• Traitements

  • Combinaison de traitements localisés et systémiques

  • Poumon

Progression-Free-Survival and Overall Survival beyond 5 years of non-small cell lung cancer patients with synchronous oligometastases treated in a prospective phase II trial (NCT 01282450)

Mené sur 39 patients atteints d'un cancer du poumon non à petites cellules de stade IV avec moins de 5 oligométastases synchrones au diagnostic (âge moyen : 62,1 ans), cet essai de phase II évalue, du point de vue de la survie sans progression et de la survie globale à 1, 2, 3, 5 et 6 ans, l'intérêt d'ajouter à une chimiothérapie systémique un traitement chirurgical ou une radiothérapie ciblant la tumeur primitive et les métastases distantes

Background : Two randomized studies demonstrated an increased progression-free survival (PFS) by adding a radical local treatment to systemic therapy in responding patients with oligometastatic non-small cell lung cancer (NSCLC), but long-term data are lacking. We updated the results of our previous phase II trial with a minimal follow-up exceeding 7 years. Methods : Prospective single-arm phase II trial. The main inclusion criteria were pathologically proven NSCLC stage IV with less than five metastases at primary diagnosis, amendable for radical local treatment (surgery or radiotherapy). No previous response to systemic treatment was needed. Results : Forty patients were enrolled, 39 of whom were evaluable (18 men, 21 women); mean age was 62.1 ± 9.2 years (range, 44-81). Twenty-nine (74%) had N2 or N3 disease; 17 (44%) brain, seven (18%) bone, and four (10%) adrenal gland metastases. Thirty-five (87%) had a single metastatic lesion. Thirty-seven (95%) of the patients received chemotherapy as part of their primary treatment. Median overall survival (OS) was 13.5 months (95% CI 7.6-19.4); 1-, 2-, 3-, 5-, 6- year OS was 56.4%, 23.3%,12.8%, 10.3%, 7.7 % and 5.1%, respectively.
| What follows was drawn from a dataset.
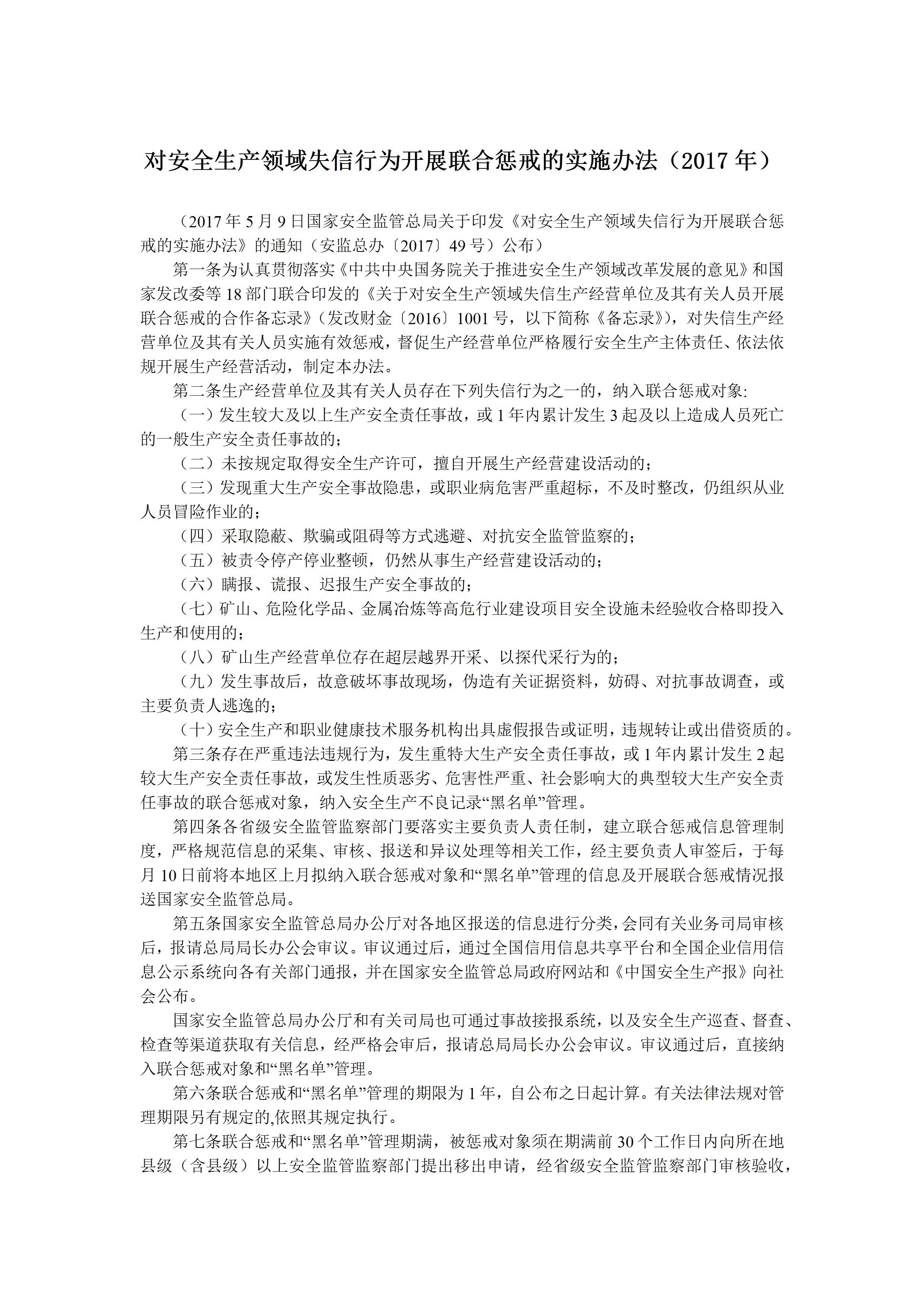 / 对安全生产领域失信行为开展联合惩戒的实施办法(2017年)

Median progression-free survival (PFS) was 12.1 months (95% CI 9.6-14.3); 1-, 2-, 3-, 5-, 6- year OS was 51.3%, 13.6%, %,12.8%, 7.7%, 7.7 % and 2.5%, respectively. Only three patients (7.7%) had a local recurrence. Conclusions : In patients who were not selected according to response to systemic treatment, the PFS at 5 years was 8 %. Entering patients in trials combining local therapy with novel systemic agents (e.g. immunotherapy) remains mandatory.